§ **Supplied information**
——

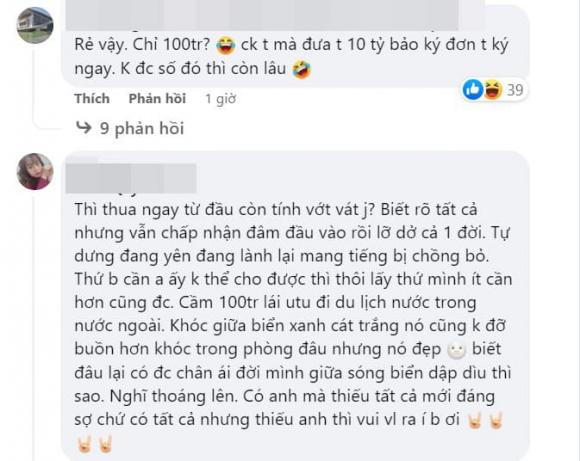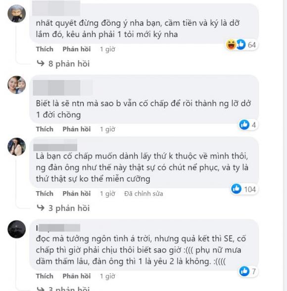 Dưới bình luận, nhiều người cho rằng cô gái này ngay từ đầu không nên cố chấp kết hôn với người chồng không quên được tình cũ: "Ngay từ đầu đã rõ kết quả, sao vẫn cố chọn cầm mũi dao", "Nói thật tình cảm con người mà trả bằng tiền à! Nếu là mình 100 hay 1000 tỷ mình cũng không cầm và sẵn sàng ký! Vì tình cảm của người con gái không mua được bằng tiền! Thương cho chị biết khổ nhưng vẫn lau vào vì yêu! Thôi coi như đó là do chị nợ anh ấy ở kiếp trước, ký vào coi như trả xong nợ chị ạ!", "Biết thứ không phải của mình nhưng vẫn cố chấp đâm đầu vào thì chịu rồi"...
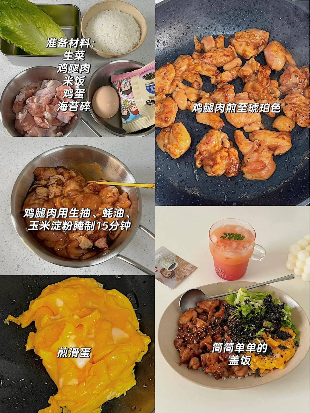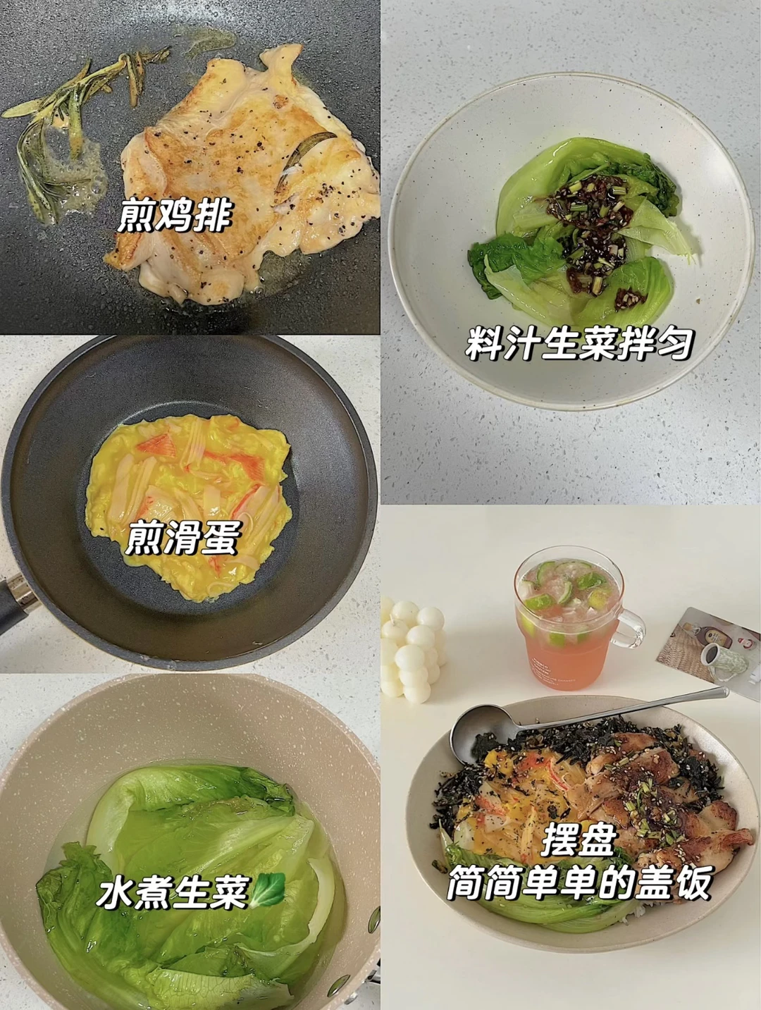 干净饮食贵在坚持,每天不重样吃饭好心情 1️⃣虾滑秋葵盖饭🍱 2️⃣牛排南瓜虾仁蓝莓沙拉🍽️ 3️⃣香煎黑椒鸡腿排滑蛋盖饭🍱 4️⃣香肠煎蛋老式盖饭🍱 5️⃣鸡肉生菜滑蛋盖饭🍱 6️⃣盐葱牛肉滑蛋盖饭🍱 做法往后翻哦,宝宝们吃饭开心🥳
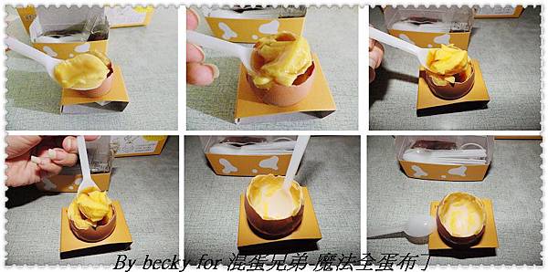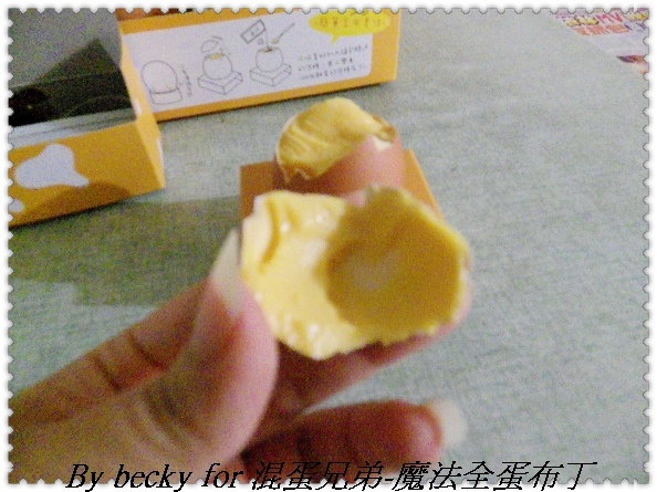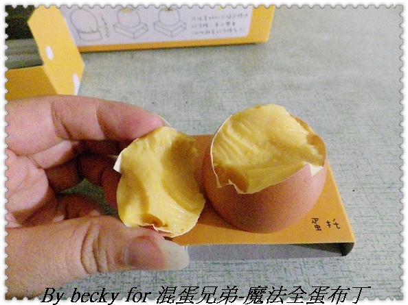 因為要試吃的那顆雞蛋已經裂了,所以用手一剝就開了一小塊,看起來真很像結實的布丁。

——

§ **Aim of the exercise**
Pictures are to be dropped, and the remaining data set down exactly.

§ **Output of the exercise**
 Dưới bình luận, nhiều người cho rằng cô gái này ngay từ đầu không nên cố chấp kết hôn với người chồng không quên được tình cũ: "Ngay từ đầu đã rõ kết quả, sao vẫn cố chọn cầm mũi dao", "Nói thật tình cảm con người mà trả bằng tiền à! Nếu là mình 100 hay 1000 tỷ mình cũng không cầm và sẵn sàng ký! Vì tình cảm của người con gái không mua được bằng tiền! Thương cho chị biết khổ nhưng vẫn lau vào vì yêu! Thôi coi như đó là do chị nợ anh ấy ở kiếp trước, ký vào coi như trả xong nợ chị ạ!", "Biết thứ không phải của mình nhưng vẫn cố chấp đâm đầu vào thì chịu rồi"...
 干净饮食贵在坚持,每天不重样吃饭好心情 1️⃣虾滑秋葵盖饭🍱 2️⃣牛排南瓜虾仁蓝莓沙拉🍽️ 3️⃣香煎黑椒鸡腿排滑蛋盖饭🍱 4️⃣香肠煎蛋老式盖饭🍱 5️⃣鸡肉生菜滑蛋盖饭🍱 6️⃣盐葱牛肉滑蛋盖饭🍱 做法往后翻哦,宝宝们吃饭开心🥳
 因為要試吃的那顆雞蛋已經裂了,所以用手一剝就開了一小塊,看起來真很像結實的布丁。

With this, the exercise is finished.